6.4.3.3. Application of the Principle

The principle of proximate cause applies to all classes of insurance. Its practical applications
may be very complex and sometimes controversial. For our purposes, we should note the
following somewhat simplified rules:

i. There must always be an insured peril involved; otherwise the loss is definitely
irrecoverable.

ii. If a single cause is present, the rules are straightforward: if the cause is an insured peril, the
loss is covered; if it is an uninsured or excepted peril, it is not.

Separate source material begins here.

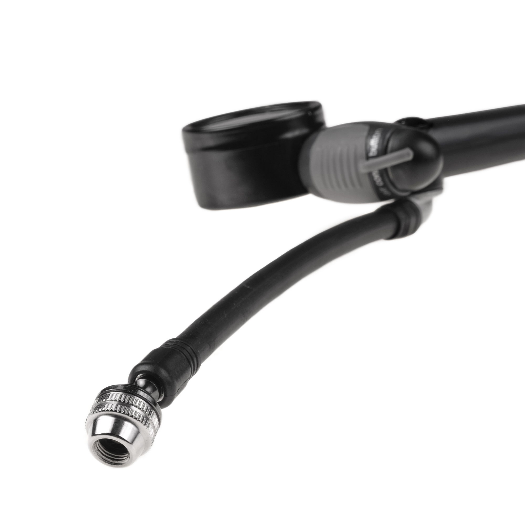 Насос Mountain 2Stage Digital оснащендвухступенчатым переключателем давления, который позволяет выбирать высокое давление для накачивания амортизационных вилок. Встроенный цифровой манометр обеспечивает точные показания давления до 300 PSI / 20,7 бар, головка насоса Pressure-Rite подходит для клапанов Presta и Schrader, а гибкий шланг снимает нагрузку со стержней и клапанов при накачивании шин. Также оснащен кнопкой выпуска воздуха, которая позволяет быстро сбросить давление. Имеет два режима накачивания для амортизаторов и покрышек.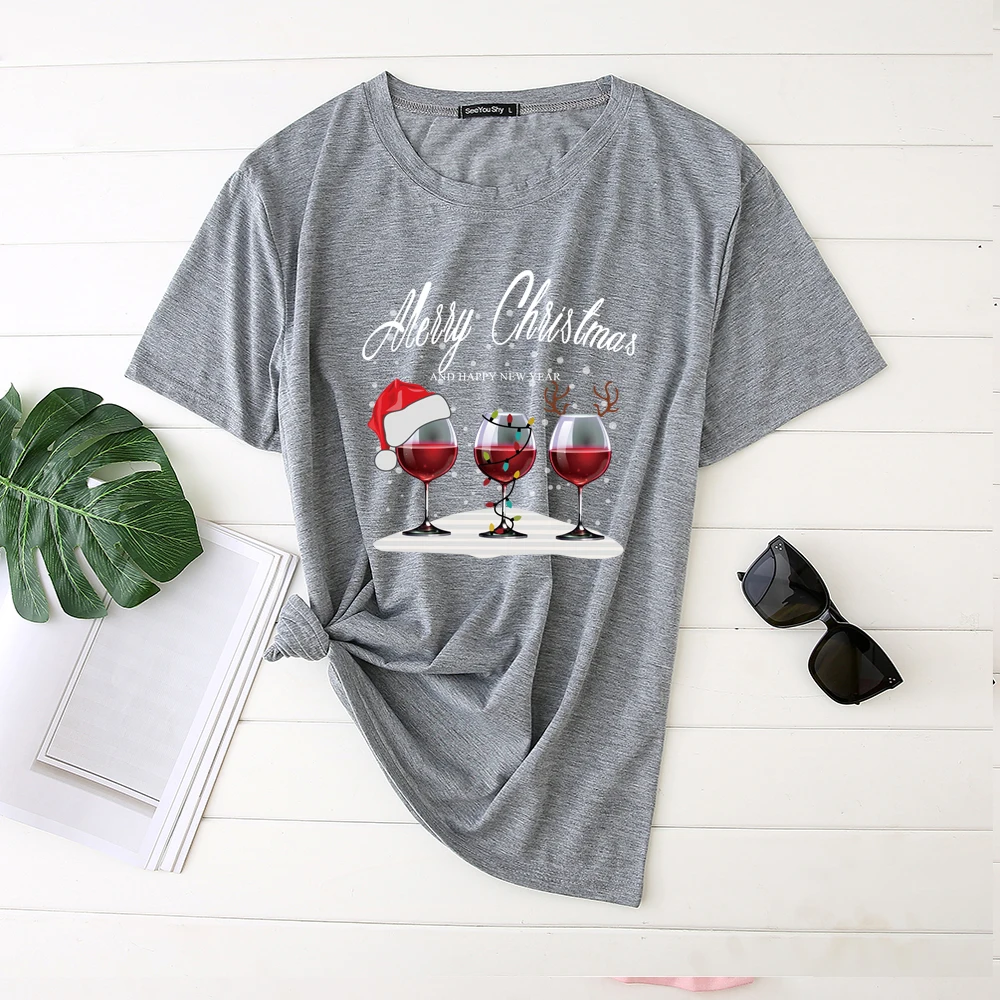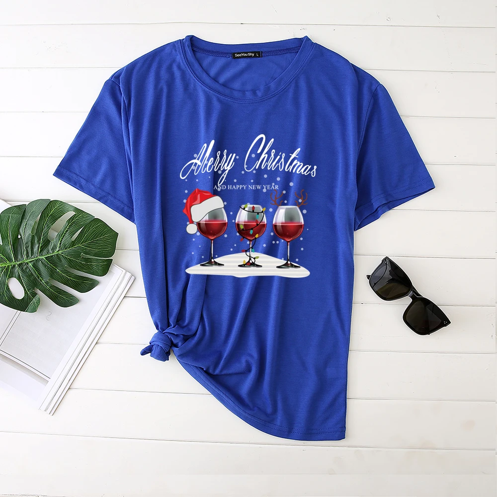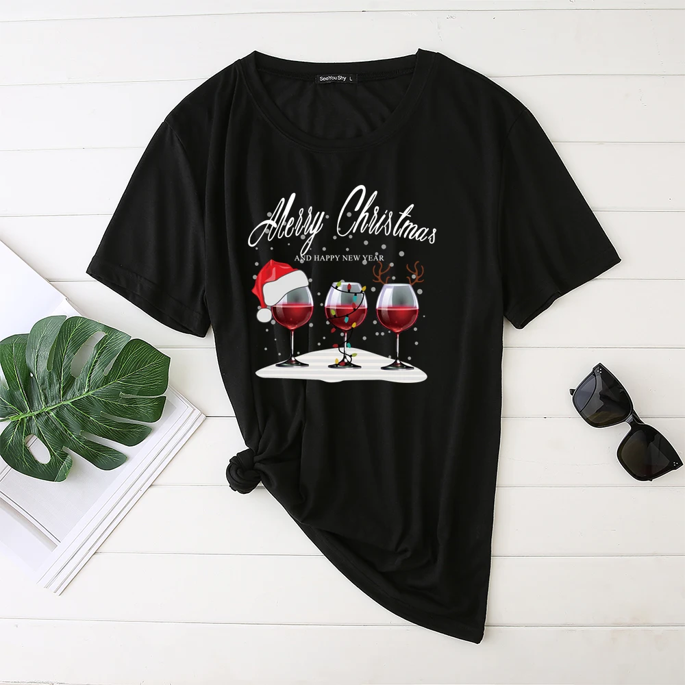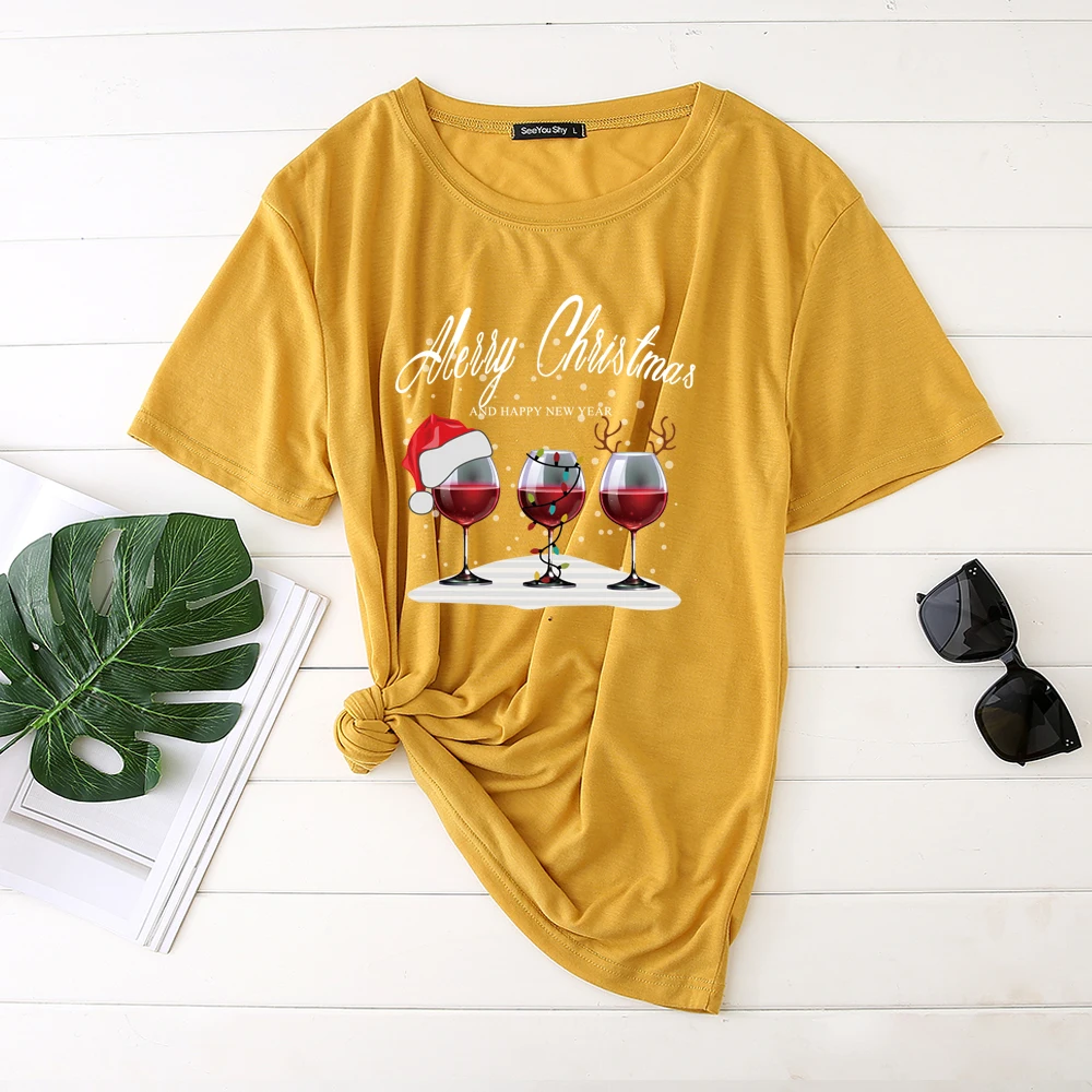 Футболки женские с рождественским принтом Seeyoushy, повседневные топы в стиле Харадзюку для девочек-подростков, хлопковые футболки с коротким рукавом, размера плюс

iii. With more than one peril involved, the position is complex, and different rules of
proximate cause are applicable, depending on whether the perils have happened as a chain of
events or concurrently, and on some other considerations. Specific cases should perhaps be a
matter of consultation with the insurer and/or lawyers, but the general rules are:

a. Uninsured perils arising directly from insured perils: the loss is covered, e.g. water damage
(uninsured peril) proximately caused by an accidental fire (insured peril) in the case of a fire
policy;

b. insured perils arising directly from uninsured perils: the loss from the insured peril is
covered, e.g. fire (insured peril) damage proximately caused by a careless act of the insured
himself or of a third party (uninsured peril) in the case of a fire policy.

c. the occurrence of an excluded peril is generally fatal to an insurance claim, subject to


complicated exceptions.

iv. Other Features of the Principle: in this regard the following are typical:

i. Neither the first nor the last cause necessarily constitutes the proximate cause.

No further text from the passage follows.